Your instructions -> For the data below, restate word for word only the lines from the line containing "Road, Delhi-110035, India" through the line containing "今天(27日),教育部发布《", both ends included.

Input material ->
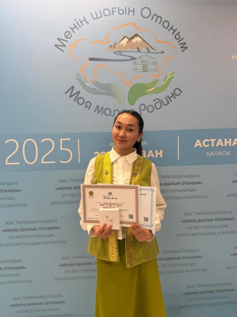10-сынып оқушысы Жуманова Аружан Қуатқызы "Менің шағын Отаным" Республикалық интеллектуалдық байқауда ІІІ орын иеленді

==

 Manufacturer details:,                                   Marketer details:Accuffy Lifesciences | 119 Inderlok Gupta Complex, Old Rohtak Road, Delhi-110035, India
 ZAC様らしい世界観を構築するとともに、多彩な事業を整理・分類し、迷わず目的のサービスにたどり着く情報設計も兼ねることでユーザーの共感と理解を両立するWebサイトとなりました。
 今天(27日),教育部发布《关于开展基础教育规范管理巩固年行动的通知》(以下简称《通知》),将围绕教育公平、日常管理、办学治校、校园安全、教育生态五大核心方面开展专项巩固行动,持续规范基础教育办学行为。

---

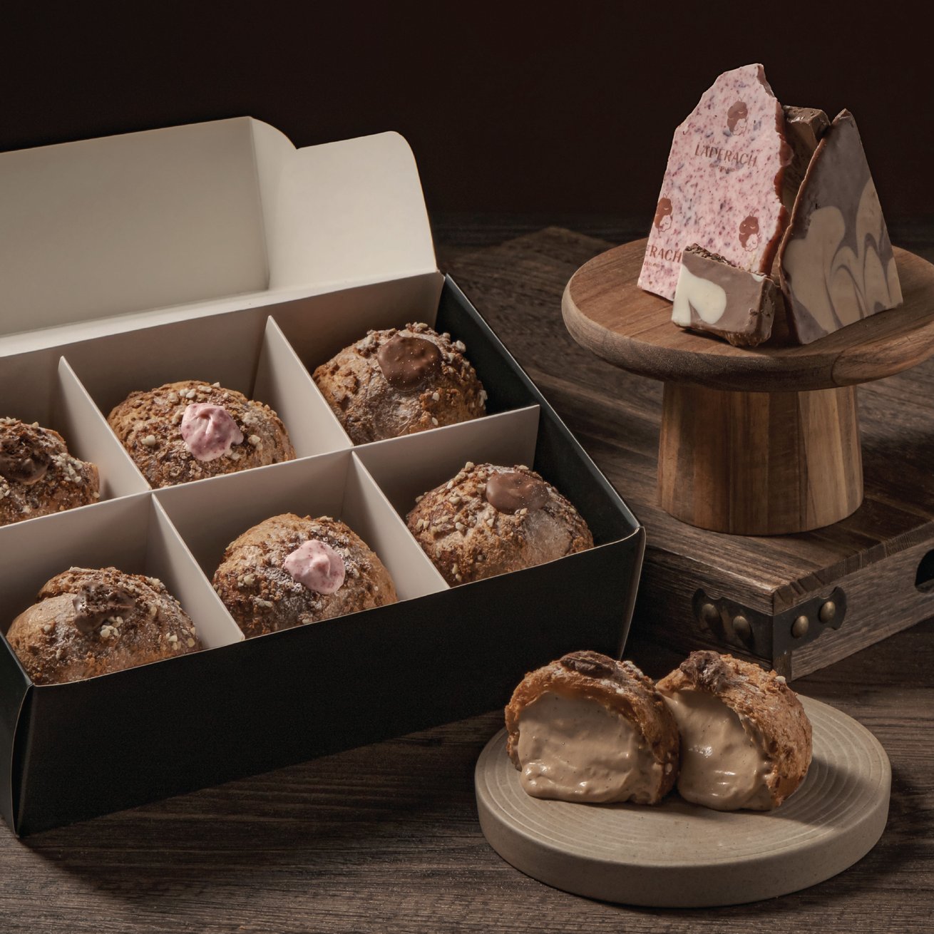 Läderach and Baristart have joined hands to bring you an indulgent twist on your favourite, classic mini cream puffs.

Result ->
 Manufacturer details:,                                   Marketer details:Accuffy Lifesciences | 119 Inderlok Gupta Complex, Old Rohtak Road, Delhi-110035, India
 ZAC様らしい世界観を構築するとともに、多彩な事業を整理・分類し、迷わず目的のサービスにたどり着く情報設計も兼ねることでユーザーの共感と理解を両立するWebサイトとなりました。
 今天(27日),教育部发布《关于开展基础教育规范管理巩固年行动的通知》(以下简称《通知》),将围绕教育公平、日常管理、办学治校、校园安全、教育生态五大核心方面开展专项巩固行动,持续规范基础教育办学行为。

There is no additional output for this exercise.